Our desires are meant to feel good to us, to inspire us to become better, more expansive, more joyful versions of ourselves. And when we meet our desires with eagerness and positive expectation - they manifest easily, effortlessly, and we enjoy every stage of their unfolding.
Here are the 7 steps for manifesting any desire:
Step 1: Use the contrast of what you don't want to clarify what you do.
Most of our desires are impure. And by this, I don't mean they're hedonistic, immoral, or evil. In fact, I believe that every desire that arises in our hearts is evolutionary, divinely inspired, and worthy of being realized in full. Purity of desire refers to the dominant emotions, or energy, that arises within us when we contemplate it.

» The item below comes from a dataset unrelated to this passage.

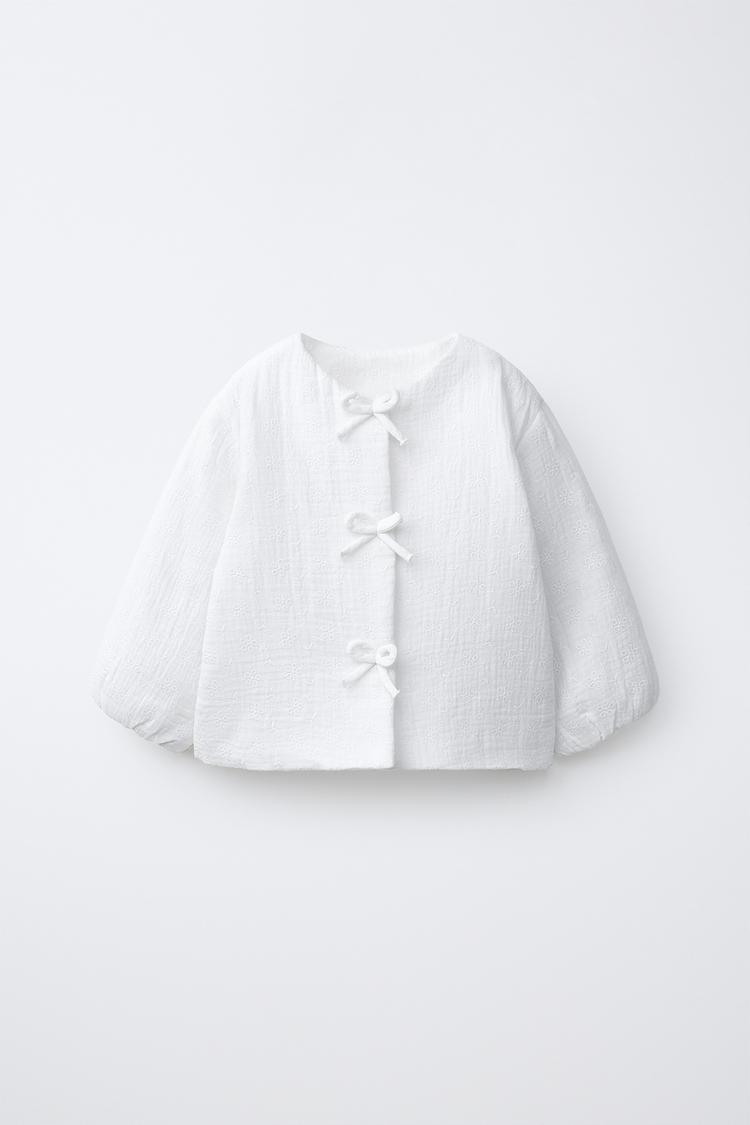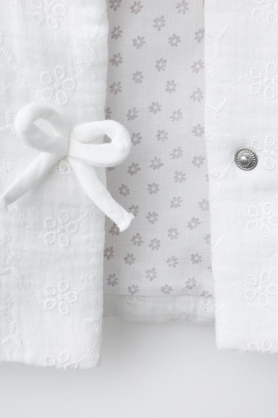 ZARA КУРТКА СО ШВЕЙЦАРСКОЙ ВЫШИВКОЙ, ЦВЕТ ВЫБЕЛЕННОГО ЛЬНА

Most people don't realize that when they contemplate their important desires, their energy is convoluted or split. Understanding split energy is simple: It means that a certain portion of our energy is devoted to wanting whatever it is we want, but an equal or greater amount of energy is focused in the direction of what we don't want.
For example, imagine you have a desire to lose 15 pounds. If your relationship to this desire was clear and energetically pure, you would focus only on the realization of this goal. Your mind would offer creative ways to alter your food intake and increase your activity level, and you'd happily look forward to reaching your ideal weight.
But most of us have a contradicted, or impure relationship with our desires. Yes, we think about our weight loss goal, and yes, maybe we feel some positive expectation about finally shedding the excess pounds. But mixed in with our desire to create what we do want is an acute awareness of all the things we don't want.
We don't want to agonize over what to wear or struggle to fit into our clothes. We don't want our self-confidence to suffer. We don't want to worry constantly about what to eat or not eat. Perhaps we've been trying to fulfill this desire for a long time, and we don't want to fail again.